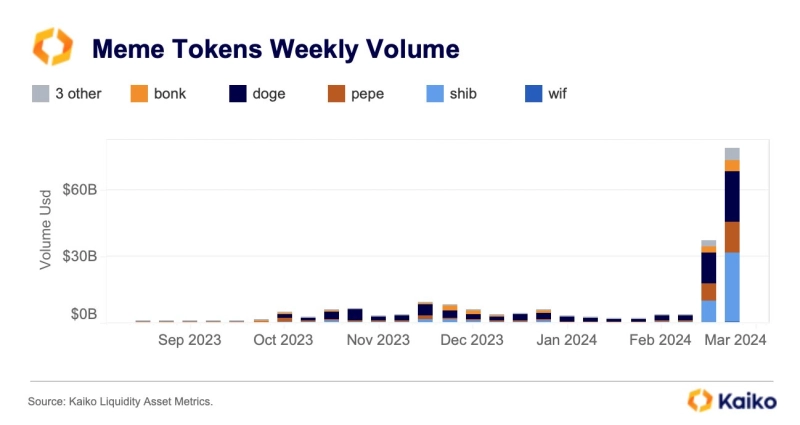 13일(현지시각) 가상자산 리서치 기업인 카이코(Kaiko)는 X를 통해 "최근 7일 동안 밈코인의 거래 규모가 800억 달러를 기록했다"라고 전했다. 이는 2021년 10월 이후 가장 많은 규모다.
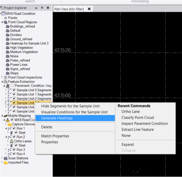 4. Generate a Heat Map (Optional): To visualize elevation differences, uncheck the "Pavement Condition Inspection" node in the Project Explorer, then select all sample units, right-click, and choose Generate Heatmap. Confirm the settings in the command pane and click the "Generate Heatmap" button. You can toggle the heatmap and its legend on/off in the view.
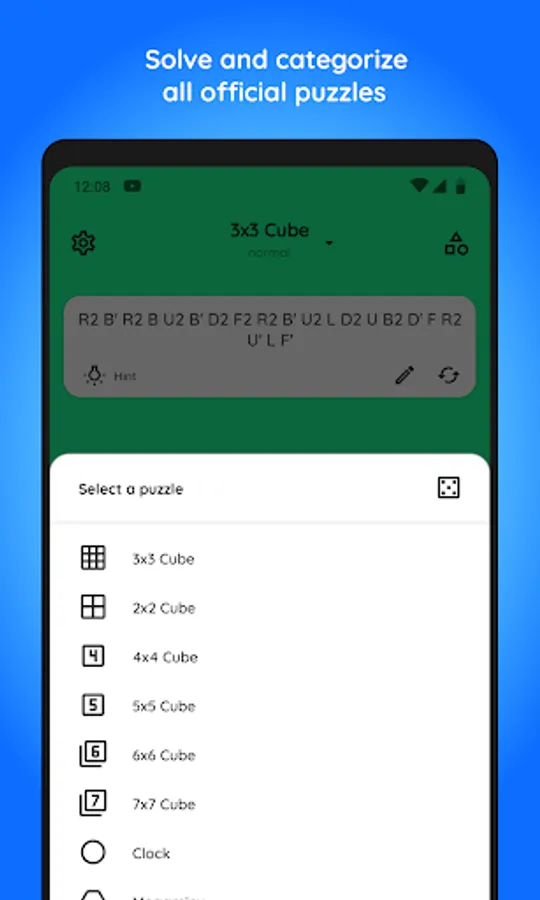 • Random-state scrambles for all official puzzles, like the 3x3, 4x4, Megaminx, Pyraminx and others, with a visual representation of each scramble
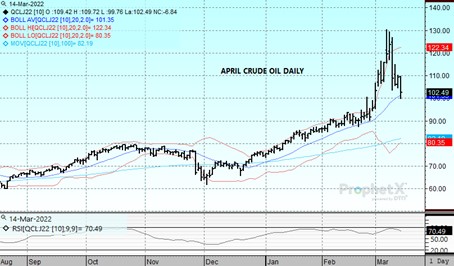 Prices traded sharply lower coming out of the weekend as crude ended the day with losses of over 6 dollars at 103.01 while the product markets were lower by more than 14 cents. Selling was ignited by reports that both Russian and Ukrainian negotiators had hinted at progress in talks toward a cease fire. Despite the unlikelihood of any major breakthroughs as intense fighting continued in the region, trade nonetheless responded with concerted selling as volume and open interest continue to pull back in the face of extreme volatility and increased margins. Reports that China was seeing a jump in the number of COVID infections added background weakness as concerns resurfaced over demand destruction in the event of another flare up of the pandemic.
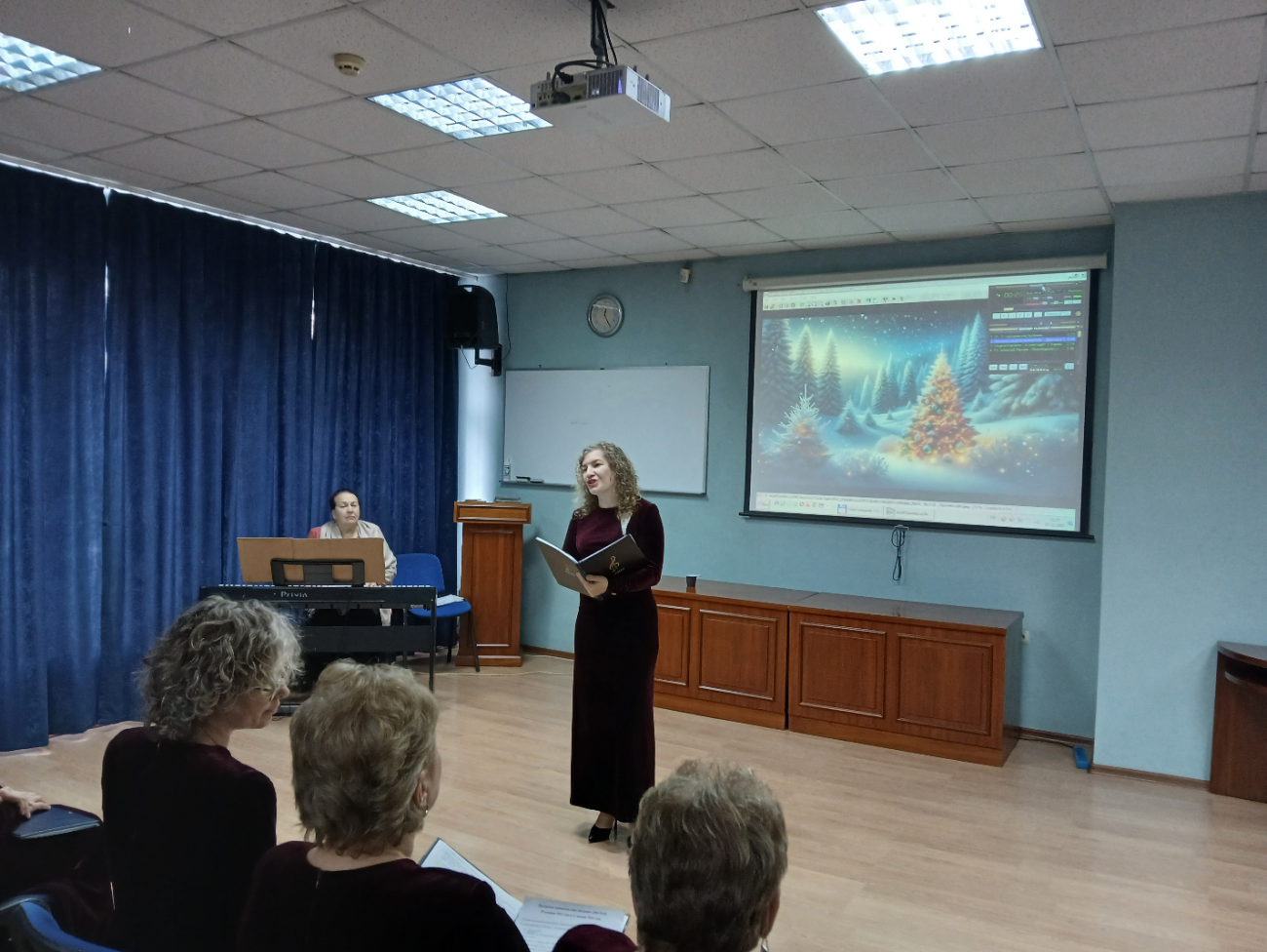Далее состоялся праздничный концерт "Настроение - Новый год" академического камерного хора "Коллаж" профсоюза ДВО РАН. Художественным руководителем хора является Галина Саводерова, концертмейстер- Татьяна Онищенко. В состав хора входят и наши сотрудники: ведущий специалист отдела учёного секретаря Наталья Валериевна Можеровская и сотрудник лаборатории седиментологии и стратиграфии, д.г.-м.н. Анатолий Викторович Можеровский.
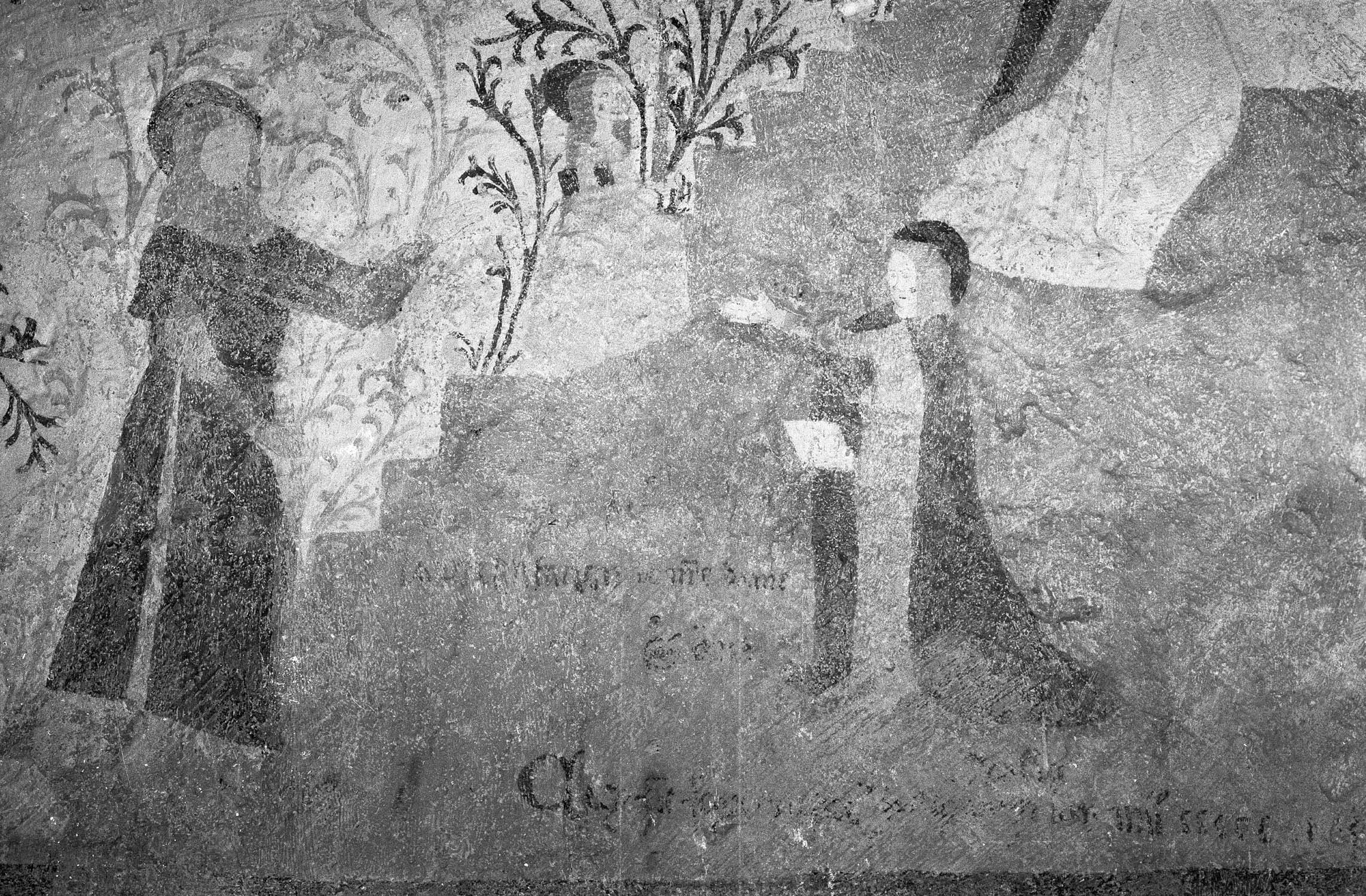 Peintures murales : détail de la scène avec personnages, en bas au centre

■ ■ ■ ■

#### Exercise requirements:
Set down each line of the material exactly and skip every image.

#### Reply:
 13일(현지시각) 가상자산 리서치 기업인 카이코(Kaiko)는 X를 통해 "최근 7일 동안 밈코인의 거래 규모가 800억 달러를 기록했다"라고 전했다. 이는 2021년 10월 이후 가장 많은 규모다.
 4. Generate a Heat Map (Optional): To visualize elevation differences, uncheck the "Pavement Condition Inspection" node in the Project Explorer, then select all sample units, right-click, and choose Generate Heatmap. Confirm the settings in the command pane and click the "Generate Heatmap" button. You can toggle the heatmap and its legend on/off in the view.
 • Random-state scrambles for all official puzzles, like the 3x3, 4x4, Megaminx, Pyraminx and others, with a visual representation of each scramble
 Prices traded sharply lower coming out of the weekend as crude ended the day with losses of over 6 dollars at 103.01 while the product markets were lower by more than 14 cents. Selling was ignited by reports that both Russian and Ukrainian negotiators had hinted at progress in talks toward a cease fire. Despite the unlikelihood of any major breakthroughs as intense fighting continued in the region, trade nonetheless responded with concerted selling as volume and open interest continue to pull back in the face of extreme volatility and increased margins. Reports that China was seeing a jump in the number of COVID infections added background weakness as concerns resurfaced over demand destruction in the event of another flare up of the pandemic.
Далее состоялся праздничный концерт "Настроение - Новый год" академического камерного хора "Коллаж" профсоюза ДВО РАН. Художественным руководителем хора является Галина Саводерова, концертмейстер- Татьяна Онищенко. В состав хора входят и наши сотрудники: ведущий специалист отдела учёного секретаря Наталья Валериевна Можеровская и сотрудник лаборатории седиментологии и стратиграфии, д.г.-м.н. Анатолий Викторович Можеровский.
 Peintures murales : détail de la scène avec personnages, en bas au centre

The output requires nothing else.